To start a Vite dev server running the website, demos and REPL:
```bash
pnpm -C website dev
```
You can run the linter, code formatter, and type checker with:
```bash
pnpm lint # Run ESLint
pnpm format # Format all files with Prettier
pnpm format:check # Check formatting without writing
pnpm check # Run TypeScript type checking
```
## Future work / help wanted
Contributions are welcomed! Some fruitful areas to look into:
- Adding support for more JAX functions and operations, see [compatibility table](./FEATURES.md).

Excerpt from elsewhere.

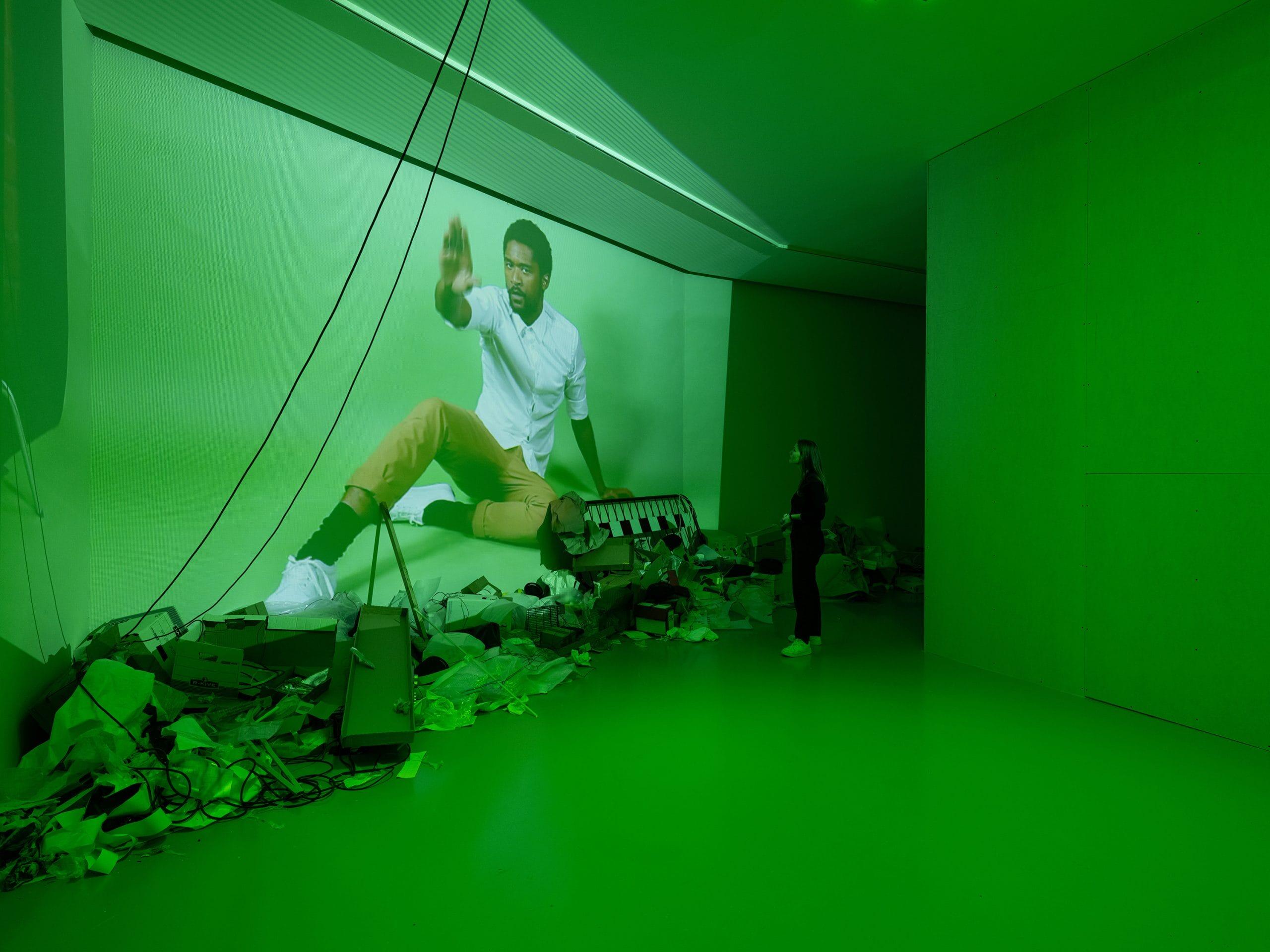 In another room, bathed in an unsettling green light, we encounter a giant projection of Mosquito himself, magnified and arresting. The debris strewn along the floor beneath the screen feels like the aftermath of a personal or cultural upheaval—a visual metaphor for Mosquito’s deconstruction of personas and beliefs. The juxtaposition of his larger-than-life figure with the mess below suggests that each persona he inhabits comes with consequences, urging us to consider the rubble left behind by discarded ideas and identities.

- Improving performance of the WebGPU and Wasm runtimes, generating better kernels, and using SIMD
and multithreading. (Even single-threaded Wasm could be ~20x faster.)
- Helping the JIT compiler to fuse operations in more cases, like `tanh` branches.
- Making a fast transformer inference engine, comparing against onnxruntime-web.